There are clear pros and cons to each of these approaches, and each will give you different sorts of information about the animals. For example, field observations of cooperation, albeit natural, won’t allow you to manipulate the situation very much, and often cannot show you what enforces cooperation (i.e. what protects it from freeloading). On the other hand, controlled studies in captive settings won’t necessarily elicit the natural evolved behaviors in which we are all interested. So, for a given helping behavior in a given species, it would be interesting to see what happens when natural forms of cooperation are tested under artificial conditions.
I asked this question in vampire bats by testing if vampire bats would still share food if they had to pass it through a barrier– the metal bars of a cage. This is, of course, a completely unnatural situation. Normally, the bats groom each other awhile before regurgitating food. But if the bats are motivated to feed another individual and not just responding, perhaps they will adapt their food sharing behavior to the novel situation.

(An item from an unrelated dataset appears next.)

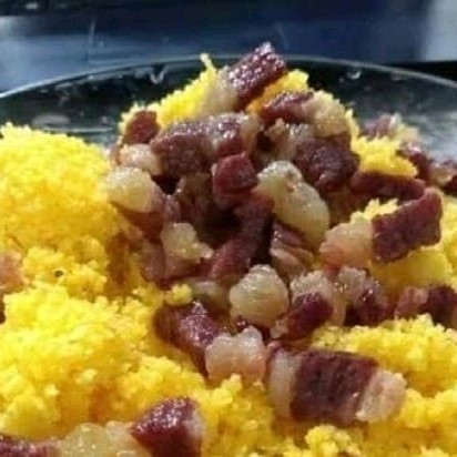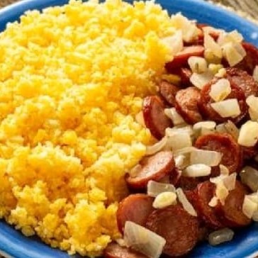 Cuscuz amanteigado com calabresa frita acebolada
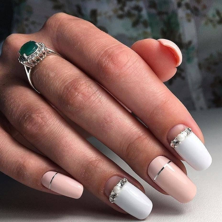 Эти свадебные ногти находятся вне времени. Из многих видов свадебного маникюра – этот базовый стиль никогда не подведет. Используйте розовый и кремовый оттенки. Также вы можете использовать традиционную полироль с глянцевым верхним слоем или гель лак для идеального глянцевого покрытия.

After first observing that wild vampire bats will feed unfed individuals inside their roosts, Wilkinson began inducing food sharing by keeping a bat from feeding overnight, first in the wild and then in captivity. For the past couple of years, I have been doing similar trials many times with captive vampire bats at the Bat Zone in Bloomfield Hills, Michigan. This has allowed me to map out the food-sharing network in a group of common vampire bats with varying relatedness but that all know each other equally. One of the things that surprised me is that the majority of the donors approach the hungry bats, not vice versa. This led me to believe that food sharing could not be explained as merely a response to harassment, something which you sometimes see in primates.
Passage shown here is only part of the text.